FORHP grantees must maintain financial management systems that comply with 2 CFR 200 Subpart D. Key requirements include:

  • Fund accounting: Ability to track receipts and expenditures by federal award, distinguishing FORHP grant funds from other funding sources in your accounting system
  • Time and effort reporting: Staff who work on multiple funding sources must document the time allocated to each grant. This is the single most frequently cited compliance issue in HRSA financial reviews.
  • Cost allocation: When costs benefit multiple programs, you must have a documented cost allocation methodology that distributes shared costs fairly across funding sources
  • Internal controls: Adequate separation of duties, authorization procedures, and financial oversight to prevent fraud, waste, and abuse
  • Single Audit: If your organization expends $750,000 or more in federal awards during your fiscal year, you must complete a Single Audit in accordance with 2 CFR 200 Subpart F

Budget Development Best Practices

Align Every Dollar to the Work Plan

Every budget line item should correspond to an activity in your work plan, and every work plan activity should have adequate budget support. Budget-narrative disconnects are one of the most common weaknesses reviewers identify.
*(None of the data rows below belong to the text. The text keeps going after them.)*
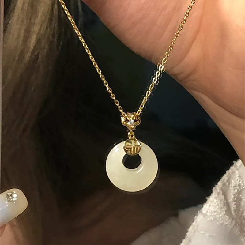 S925純銀福気天然和田玉平安ボタンネックレス女性大衆高級感国風送彼女鎖骨鎖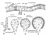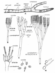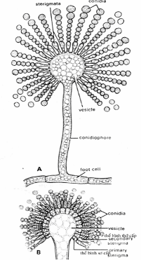 Khuẩn ty hình thành một cọng mang túi bào tử (conidiophore) và bào tử đính (conidia)(hình 4.10) với cọng mang túi bào tử không vách ngăn và không xuất phát từ tế bào chân (foot cell). Túi hay bọng (vesicle) là tế bào đa nhân và phát triển bề mặt gắn liền với thể bình (phialide hay sterigmata). Thể bình với bậc 1 hay bậc 2, mỗi thể bình là cấu trúc đa nhân và trên đầu thể bình tạo thành một chuổi bào tử đính, những bào tử non ở trong và càng xa càng già; bào tử trưởng thành sẽ phóng thích vào không khí và nẩy mầm.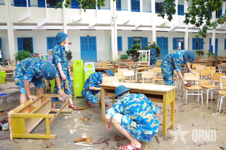 Tidligere, om morgenen den 22. november, ble nesten 200 kadrer, elever, soldater og mange spesialkjøretøy fra skolen, som bulldosere, gravemaskiner, brannbiler, høytrykkspumper, ambulanser og 500 måltidsbiler, mobilisert til områder som ble hardt skadet, inkludert: Phu An Nam landsby (Dien Khanh kommune); Green Star barnehage (Vinh Diem Trung urbane område); Ngoc Hiep barneskole og Ngoc Hiep videregående skole (Tay Nha Trang bydel). Her koordinerte skolens soldater med lokale myndigheter for å rydde opp i gjørme og jord, rengjøre klasserom, rydde dreneringssystemer, støtte flytting av eiendeler og tilby helsetjenester til folk.
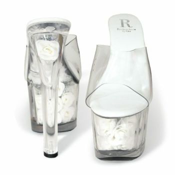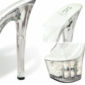 4. 【Rechercher/ルシェルシェ】キャバヒール 薔薇デザイン クリアサンダル[ホワイト][22.5cm~25.0cm][17cmヒール]

Build your budget from the work plan, not the other way around.

Be Specific in the Budget Justification

The budget justification narrative should explain the basis for each cost estimate. "Personnel: $150,000" is insufficient. "Project Director (1.0 FTE, $85,000 salary + $25,500 fringe at 30%) and Data Coordinator (0.5 FTE, $55,000 salary + $16,500 fringe at 30%, split with Section 330 grant at 50%)" shows reviewers you have thought through staffing needs realistically.

Plan for the Full Project Period

Multi-year grants require budget projections for each year. Account for salary increases (typically 2–3% annually), anticipated cost changes, and the natural evolution of project activities. Year 1 budgets often look different from Year 3 budgets — this is expected and reflects a maturing program. See the Common Mistakes guide for frequent budget errors to avoid.